* _Data under study_:
>>>>>
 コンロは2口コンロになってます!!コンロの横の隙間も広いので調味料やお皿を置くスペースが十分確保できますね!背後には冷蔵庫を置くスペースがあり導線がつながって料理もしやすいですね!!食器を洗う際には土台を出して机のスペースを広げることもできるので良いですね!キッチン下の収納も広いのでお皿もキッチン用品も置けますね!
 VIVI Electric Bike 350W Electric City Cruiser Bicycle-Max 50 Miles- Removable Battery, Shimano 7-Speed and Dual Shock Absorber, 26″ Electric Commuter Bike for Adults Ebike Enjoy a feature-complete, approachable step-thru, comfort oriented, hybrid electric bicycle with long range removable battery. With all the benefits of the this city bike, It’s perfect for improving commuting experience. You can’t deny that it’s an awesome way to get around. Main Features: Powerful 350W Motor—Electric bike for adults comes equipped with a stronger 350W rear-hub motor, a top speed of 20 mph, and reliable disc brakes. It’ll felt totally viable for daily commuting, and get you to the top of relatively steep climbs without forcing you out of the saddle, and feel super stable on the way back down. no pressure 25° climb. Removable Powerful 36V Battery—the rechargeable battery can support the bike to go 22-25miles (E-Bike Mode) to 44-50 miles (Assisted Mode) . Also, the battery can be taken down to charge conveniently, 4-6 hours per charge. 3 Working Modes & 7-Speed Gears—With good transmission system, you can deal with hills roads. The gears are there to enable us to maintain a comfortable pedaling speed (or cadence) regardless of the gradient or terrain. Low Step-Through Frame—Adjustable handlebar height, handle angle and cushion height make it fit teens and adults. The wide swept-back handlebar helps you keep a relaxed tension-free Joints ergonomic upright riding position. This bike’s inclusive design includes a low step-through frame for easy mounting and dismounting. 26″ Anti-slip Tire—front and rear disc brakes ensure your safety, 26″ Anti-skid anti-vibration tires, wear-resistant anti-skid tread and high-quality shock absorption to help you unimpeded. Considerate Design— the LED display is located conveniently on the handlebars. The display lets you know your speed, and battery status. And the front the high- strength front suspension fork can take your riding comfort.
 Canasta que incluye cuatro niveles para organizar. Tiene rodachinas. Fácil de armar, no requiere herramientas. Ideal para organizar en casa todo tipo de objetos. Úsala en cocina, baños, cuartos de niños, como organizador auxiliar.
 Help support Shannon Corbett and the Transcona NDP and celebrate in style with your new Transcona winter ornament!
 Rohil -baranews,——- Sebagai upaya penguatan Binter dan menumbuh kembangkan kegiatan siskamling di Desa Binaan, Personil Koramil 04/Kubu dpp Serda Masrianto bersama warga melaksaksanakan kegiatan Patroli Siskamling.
<<<<<
>>>>>
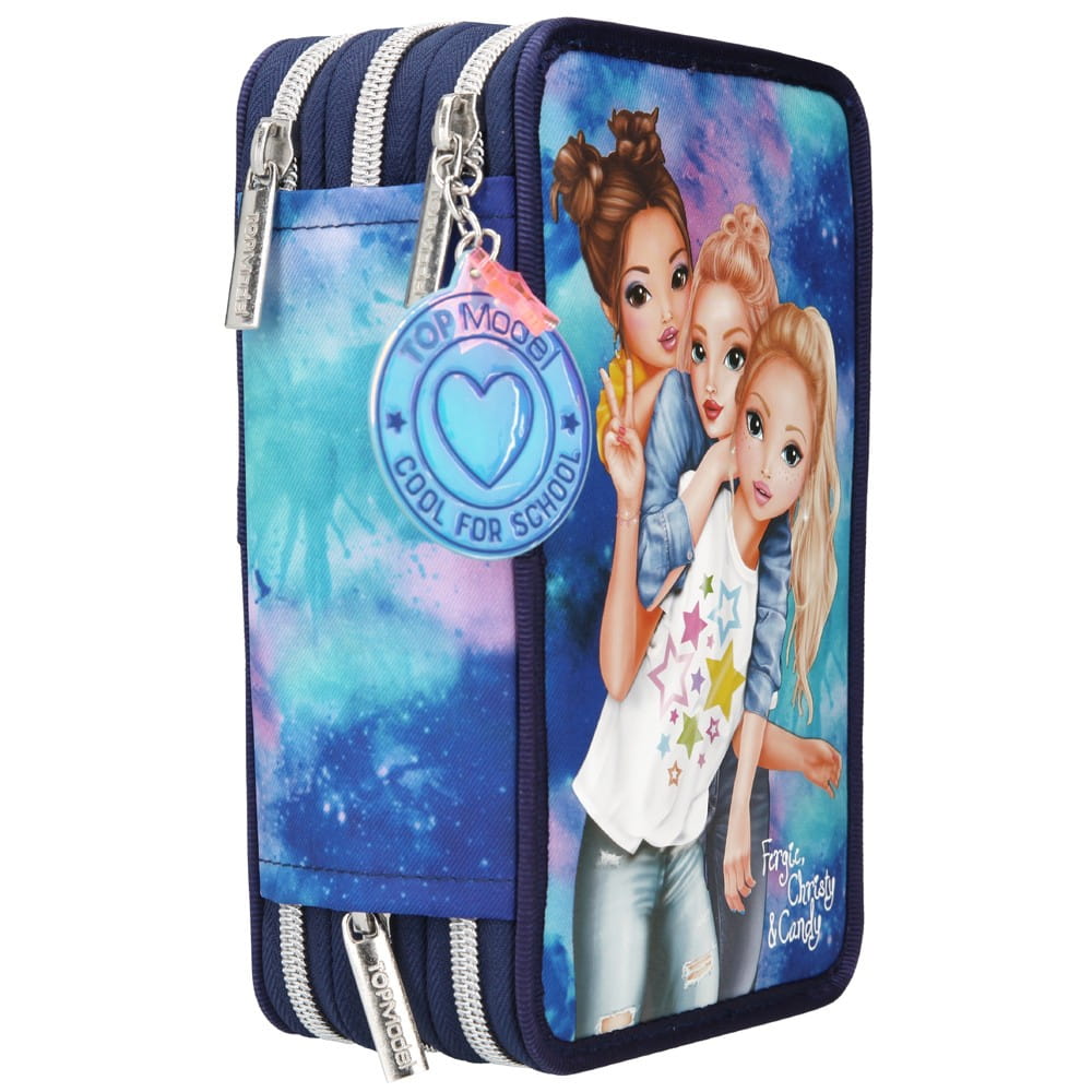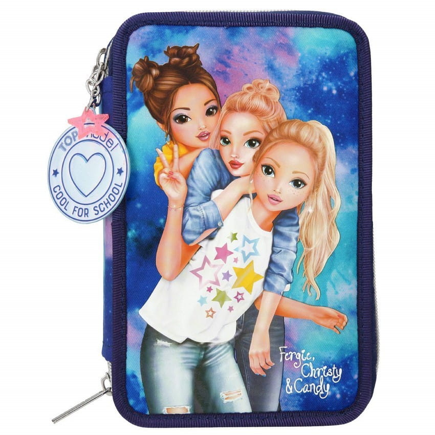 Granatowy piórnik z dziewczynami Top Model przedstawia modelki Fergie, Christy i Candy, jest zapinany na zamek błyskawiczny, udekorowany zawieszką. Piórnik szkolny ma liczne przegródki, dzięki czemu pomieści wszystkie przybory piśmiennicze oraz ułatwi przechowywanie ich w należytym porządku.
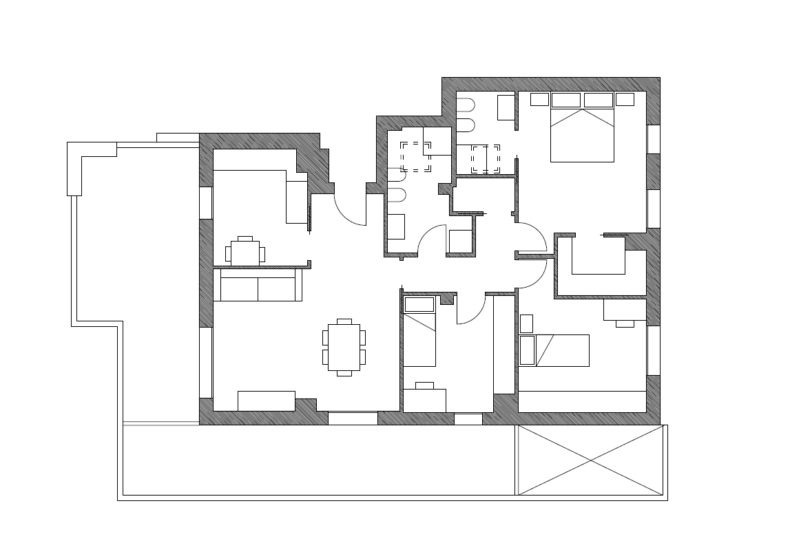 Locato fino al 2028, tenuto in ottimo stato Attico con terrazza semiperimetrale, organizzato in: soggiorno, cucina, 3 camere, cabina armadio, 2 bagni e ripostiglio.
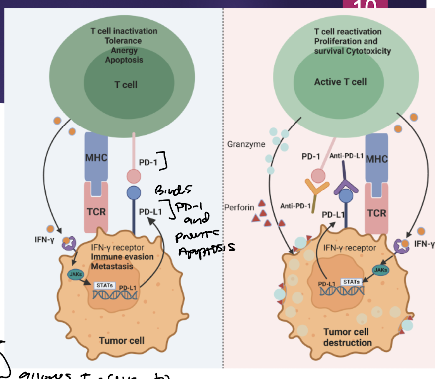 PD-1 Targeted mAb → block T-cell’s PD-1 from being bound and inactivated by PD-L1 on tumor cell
<<<<<
* _Activity_: Only one part of the listing is wanted: the lines from the one containing "Locato fino al" through the one containing "PD-1 Targeted mAb", both included. Please transcribe it exactly, leaving out the pictures.

* _Response to this exercise_:
 Locato fino al 2028, tenuto in ottimo stato Attico con terrazza semiperimetrale, organizzato in: soggiorno, cucina, 3 camere, cabina armadio, 2 bagni e ripostiglio.
 PD-1 Targeted mAb → block T-cell’s PD-1 from being bound and inactivated by PD-L1 on tumor cell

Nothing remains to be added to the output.